- **Problem to solve**
The copy must hold every line from the one with "생두를 잘 고르면, 홈로스팅의" through the end of the listing, word for word, and must hold no pictures.

- **Records for processing**
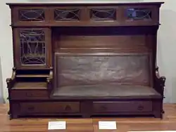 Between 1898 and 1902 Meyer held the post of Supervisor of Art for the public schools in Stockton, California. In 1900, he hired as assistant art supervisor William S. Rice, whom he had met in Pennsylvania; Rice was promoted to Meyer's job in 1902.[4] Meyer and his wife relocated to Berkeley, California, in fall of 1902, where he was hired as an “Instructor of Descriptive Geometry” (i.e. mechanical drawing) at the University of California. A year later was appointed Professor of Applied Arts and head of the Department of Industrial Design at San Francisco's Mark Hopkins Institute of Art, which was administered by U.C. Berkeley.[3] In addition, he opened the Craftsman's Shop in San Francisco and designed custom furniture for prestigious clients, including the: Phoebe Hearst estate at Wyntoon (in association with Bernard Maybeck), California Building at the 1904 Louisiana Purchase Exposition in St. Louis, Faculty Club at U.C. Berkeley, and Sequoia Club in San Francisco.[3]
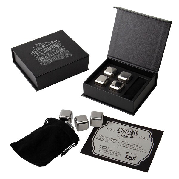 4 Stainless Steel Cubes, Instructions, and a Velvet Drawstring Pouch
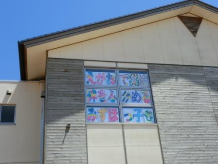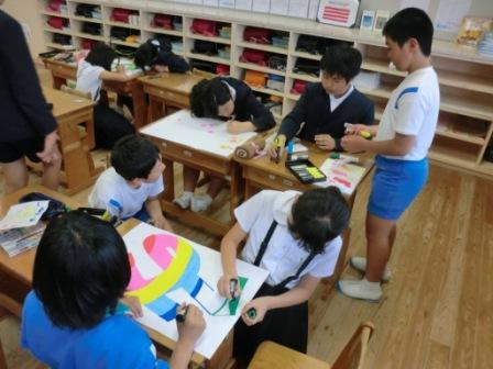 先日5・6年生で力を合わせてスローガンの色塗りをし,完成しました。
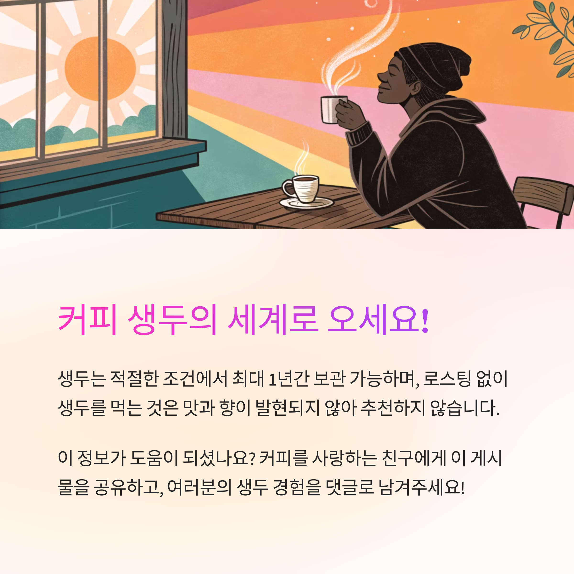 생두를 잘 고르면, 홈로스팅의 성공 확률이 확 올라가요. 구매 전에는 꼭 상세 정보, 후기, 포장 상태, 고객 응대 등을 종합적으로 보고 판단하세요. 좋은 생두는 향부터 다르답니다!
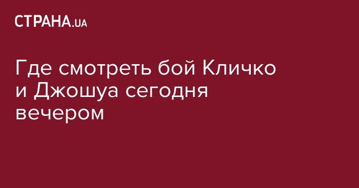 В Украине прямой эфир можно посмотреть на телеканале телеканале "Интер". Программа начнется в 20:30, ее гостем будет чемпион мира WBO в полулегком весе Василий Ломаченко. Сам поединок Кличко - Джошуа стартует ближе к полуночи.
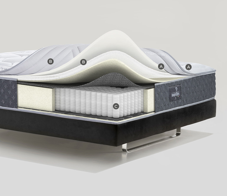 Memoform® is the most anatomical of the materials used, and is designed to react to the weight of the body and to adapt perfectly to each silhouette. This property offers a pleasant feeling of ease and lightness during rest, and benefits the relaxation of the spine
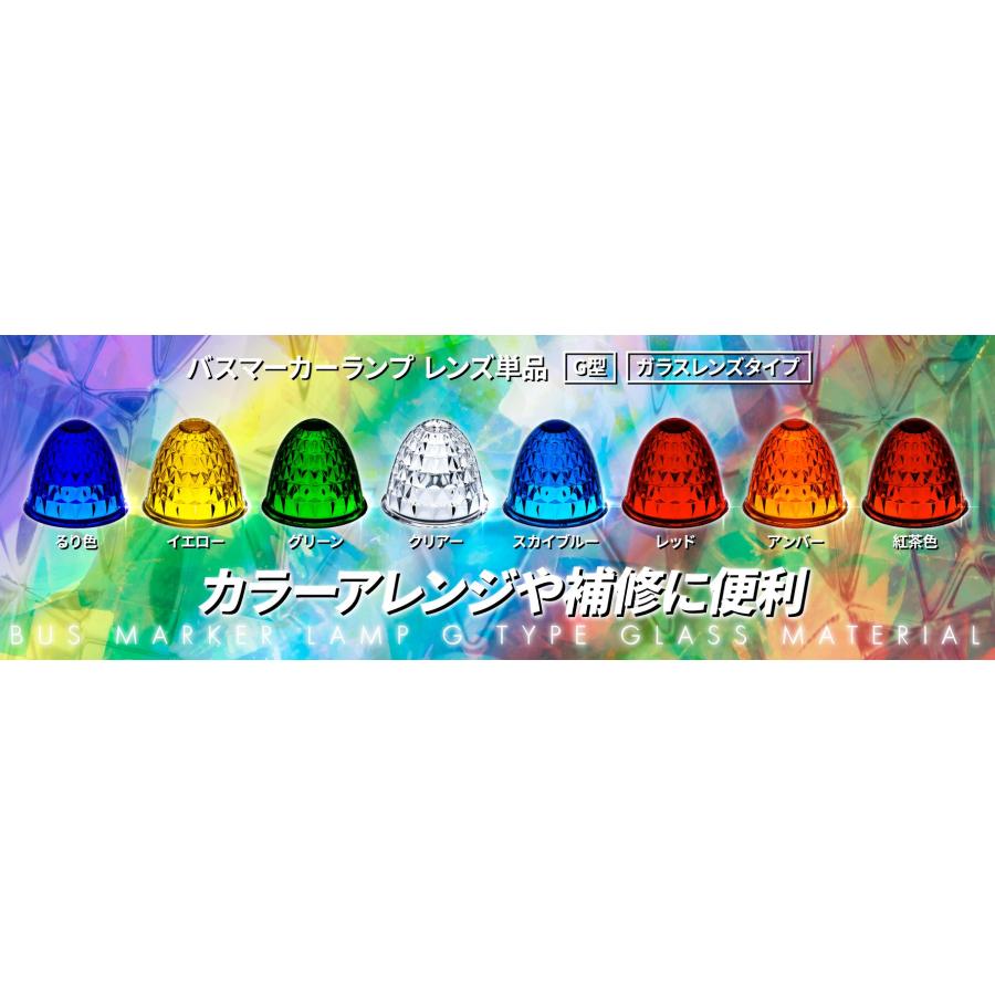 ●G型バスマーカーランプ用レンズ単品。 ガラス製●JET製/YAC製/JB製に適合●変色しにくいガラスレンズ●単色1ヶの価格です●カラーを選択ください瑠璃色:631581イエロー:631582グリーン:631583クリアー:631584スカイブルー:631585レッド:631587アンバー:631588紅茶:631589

- **Result of the task**
 생두를 잘 고르면, 홈로스팅의 성공 확률이 확 올라가요. 구매 전에는 꼭 상세 정보, 후기, 포장 상태, 고객 응대 등을 종합적으로 보고 판단하세요. 좋은 생두는 향부터 다르답니다!
 В Украине прямой эфир можно посмотреть на телеканале телеканале "Интер". Программа начнется в 20:30, ее гостем будет чемпион мира WBO в полулегком весе Василий Ломаченко. Сам поединок Кличко - Джошуа стартует ближе к полуночи.
 Memoform® is the most anatomical of the materials used, and is designed to react to the weight of the body and to adapt perfectly to each silhouette. This property offers a pleasant feeling of ease and lightness during rest, and benefits the relaxation of the spine
 ●G型バスマーカーランプ用レンズ単品。 ガラス製●JET製/YAC製/JB製に適合●変色しにくいガラスレンズ●単色1ヶの価格です●カラーを選択ください瑠璃色:631581イエロー:631582グリーン:631583クリアー:631584スカイブルー:631585レッド:631587アンバー:631588紅茶:631589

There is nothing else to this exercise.